1. What are the traits of physical quality of grain?

 

  • Length, width and uniformity and weight

  • Head Rice Yield

  • Colour (whiteness and translucence)

  • Chalk

  • Cracks

 

 

 

The length and width of a rice grain are important attributes that determine the class of the rice. There are three main classes of rice, based on grain length: short, medium and long. In terms of width, Arborio styles are generally the widest, followed by short, medium and long. The ratio of the length and the width is used internationally to describe the shape and class of the variety. The other important aspect of length and width is uniformity – all the grains in one sample must look the same.

 

Grain weight provides information about the size and density of the grain.
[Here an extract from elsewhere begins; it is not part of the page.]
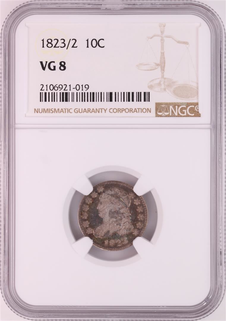 One 1823/2 Capped Bust Dime Coin NGC VG8. NGC Certified.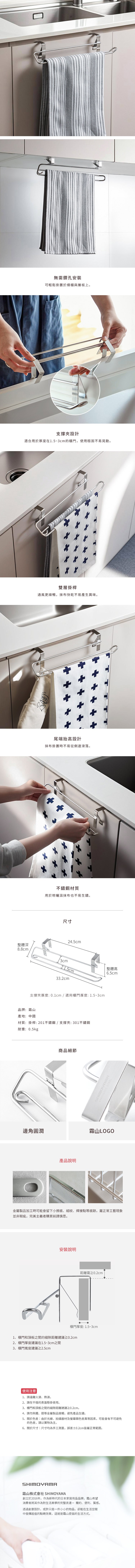 SHIMOYAMA 日本霜山 不鏽鋼廚櫃門後掛架/雙桿抹布架 1個 33.2 x 8.8 x 6.5cm 銀色

Grains of different density mill differently, and are likely to retain moisture differently and cook differently. Uniform grain weight is important for consistent grain quality.

 

 

 

 

 

Head Rice Yield is the weight of whole white rice grains remaining after milling, as a percentage of the total weight of the paddy.

 

Breakage of grain during milling reduces the percentage of whole grain and it can be due to a number of factors. Chalky grains are softer than translucent grains and are more likely to break during milling. Grains that are cracked, either from moisture cycles in the field or rough handling are also likely to break during milling. Head rice yield is often the most important quality parameter to millers since they the head rice yield is generally linked to the payment they receive.

 

 

 

 

 

The whiteness and translucence of rice is important.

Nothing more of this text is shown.